1. Os artigos académicos
Ao defender uma ideia, vocês precisam de argumentos. Caso contrário, sua ideia terá pouco valor ou será pouco aceita. Esses argumentos são, em sua maioria, outras ideias, já comprovadas.

Da mesma forma, outras pessoas poderão utilizar a sua criação como base. É assim o tempo todo na ciência. Os artigos contêm citações de outros trabalhos, usados como argumentos. E também são citados por outros pesquisadores. É como se fosse uma teia. E você pode saber o quão popular é seu trabalho através do número de pessoas que se refere a ele. Com os sites acontece a mesma coisa.

2. As páginas da web

Larry e Sergey, fundadores da Google, perceberam que é relativamente fácil saber para onde sua página (ou artigo) aponta. Basta lê-la! O desafio é saber quem aponta para você.

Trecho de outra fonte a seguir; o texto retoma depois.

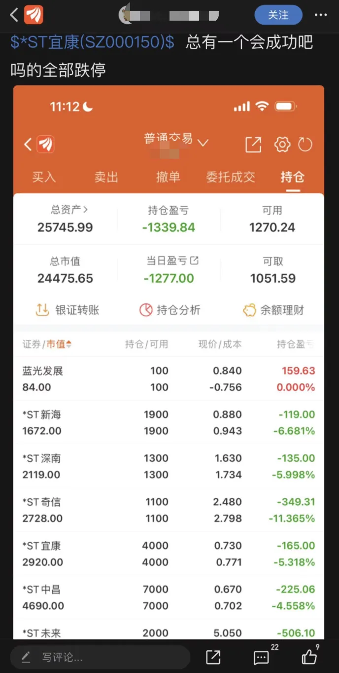 本文泉源:期间财经 作者:周立 4月中下旬是披露年报的末了时间,不少绩差股纷纷选择此时交终极答卷,渴望可以大概晚点判“退”。 然而,多只ST股在未公布年报之前,先等来了面值退市。 4月19日晚间,*ST宜康(000150.SZ)举行关于公司股票大概存在股价低于面值被停止上市的第五次风险提示。 停止2023年4月19日,*ST宜康股票收盘价连续14个买卖业务日低于1元。若公司股票收盘价连续20个买卖业务日低于1元,公司股票大概被深圳证券买卖业务所停止上市买卖业务。 4月20日,*ST宜康连续昨日一字跌停的态势,开盘即“收工”,收于0.66元/股,跌幅4.35%。 然而,仍有股民在明知*ST宜康有退市风险时选择买入,祈求可以大概“宜”飞冲天。 图片泉源:图虫创意 股价日日创新低,业绩下修恐退市 只要再熬五个买卖业务日,*ST宜康面值退市就是板上钉钉的事。 自3月30日起,*ST宜康股价不停在1元以下倘佯,并在4月18日收于0.73元。同日,*ST宜康因连续三个买卖业务日内,跌幅偏离值累计到达12%而登上龙虎榜。 同花顺龙虎榜数据表现,榜上净卖出125.66万元,买卖业务席位均出现“东财拉萨散户天团”的身影,但这次,“东财拉萨散户天团”不再是全员接盘的状态。 根据期间财经盘算,东财拉萨散户天团买入597万元,占总成交8.2%;卖出559.18万元,占总成交7.69%。固然东方产业拉萨东环路第二证券业务部净买入额为61.33万元,但东方产业拉萨连合路第二证券业务部和东环路第一证券业务部净买入额均为负数,分别为-18.27万元和-5.24万元。 4月19日,*ST宜康股价继续下挫,跌幅5.48%,收于0.69元。这也意味着,纵然连续拉涨停,*ST宜康也无法脱离“面退”危急,当晚,公司发布了2022年度业绩预告修正公告。 *ST宜康公告表现,公司归母净利润由预计亏损2.7亿-4亿元,下修为亏损3.5亿-5亿元,比上年同期增长26.68%-48.68%;预计归属于母公司全部者权益由-2亿至-3亿元下修为-6亿至-8亿元。 而举行修正的紧张缘故原由包罗基于审慎性原则,对投资性房地产、参股公司的公允代价等举行调解,该调解导致公司业绩预告中的财务指标出现更正。 同时,*ST宜康也举行股票存在被停止上市的风险提示:一是2022年净资产仍为负值;二是公司财务管帐陈诉可否不被出具保存意见、无法表现意见大概否定意见的审计陈诉,存在不确定性;三是公司股票收盘价连续14个买卖业务日低于1元。 *ST宜康的实控人是被誉为“潮汕资源教父”的刘绍喜,其从前靠家具买卖发迹,在资源市场长袖善舞,打造出巨大的“宜华系”,顶峰之时,刘绍喜在三年时间完成宜华生存(600978.SH,已退市)、宜华康健两家公司上市,如今后者也面临退市,难免令人唏嘘。 而在严羁系、强退市的全面注册制期间,岂论是面值退市还是财务退市,留给股民们的时间不多了。 据期间财经统计,除了*ST宜康以外,如今A股尚有9只股票股价低于1元,此中6只为*ST股,同样碰面临“面退”风险。 此中,*ST新海(002089.SZ)、*ST蓝盾(300297.SZ)、*ST中昌(600242.SH)、蓝光发展(600466.SH)的股价均连续超10天低于1块钱。 图片泉源:期间财经 制图 然而,*ST新海股价连续17天低于1元后,终于在4月20日回到1元“存亡线”,暂时脱离“面退”危急。但因2014年至2019年年度陈诉及2019年半年度陈诉存在虚伪纪录,公司仍存在大概被实行庞大违法欺压退市的风险。 股民迎“雷”而上,广撒网炒ST股 究竟上,面临退市压力,部门股民会趁着年报还未出,提前跑路,及时止损。 有股民在4月17日选择继承现实,将*ST宜康全部卖出,“这次真的扛不住了,愿赌服输,拿了70天,亏了20万。” 尚有股民自我安慰,在4月20日表现如今*ST宜康还存在不退市的大概,并寄渴望于主力和大股东的“操纵”。 然而,大股东也在抛售股票。4月14日,*ST宜康公告表现,控股股东宜华团体在2022年12月19日至2023年4月11日期间,以会合竞价买卖业务方式减持61万股,终极减持后宜华团体的持股数占总股本比例从30.56%骤降至18.3%。同时,被司法转让1.07亿股。 “众人恐惊我贪婪”。在恐慌抛售潮中,有股民选择迎“雷”而上,梭哈ST股,渴望以小搏大。 有股民表现中国老龄化加快,长期看好养老大康健产业,并决定加仓一手73元,以时间换空间;有股民表现要在退市前一天买一手,跟着宜康去三板再赚点钱;尚有股民选择广撒网炒ST股,渴望赌中一只乐成摘帽的股。 对此,多位专家对期间财经表现,随着全面注册制期间到来,常态化退市机制渐渐形成,题目股将应退尽退,ST板块壳的代价亦会渐渐低沉。 中国金融智库首席金融学家、数字经济经济学流派创建者宏皓对期间财经表现,“在没有注册制时,上市确实困难,存在借壳上市的机会,也有投资者通过买低价ST股等它重组乐成的案例,自然而然个人投资者也都渴望赌一把,终极市场谋利盛行。但如今全面注册制下,投资者仍抱着这种投资理念的话,末了肯定会血本无归的。” 究竟上,如今广撒网炒ST并没有给股民带来“中彩票”的收益,反而是无经心伤。 有股民发图晒本身买入6只*ST股,想着总有一个会乐成,效果全部跌停;尚有股民自嘲报告本身买入ST股全退市的“战绩”。 图片泉源:股吧 金融体系业内人士表现,从比年来退市公司不绝增多可以看出,优胜劣汰的市场生态正在渐渐构成。在此配景下,投资者肯定要及时调解投资理念,不可怀揣荣幸生理,对于退市风险高企的股票,肯定要擦亮双眼,切勿火中取栗。 将来怎样改变投资者的投资

O problema é praticamente impossível de ser resolvido no mundo real dos artigos académicos. Mas na Internet a coisa muda, pois os sites estão repletos de links. Bastaria "ler" uma página automaticamente e sair seguindo esses links, como um robô. E eles levariam a outras páginas, que levariam a outras, e outras... Em pouco tempo você poderia ter a Internet inteira em casa e poderia saber quem andou citando aquele seu site sobre ovelhas.

Juntos, os dois amigos criaram um utilitário, de nome Backrub. A função dele era vasculhar a rede mundial procurando links. Ainda não havia busca.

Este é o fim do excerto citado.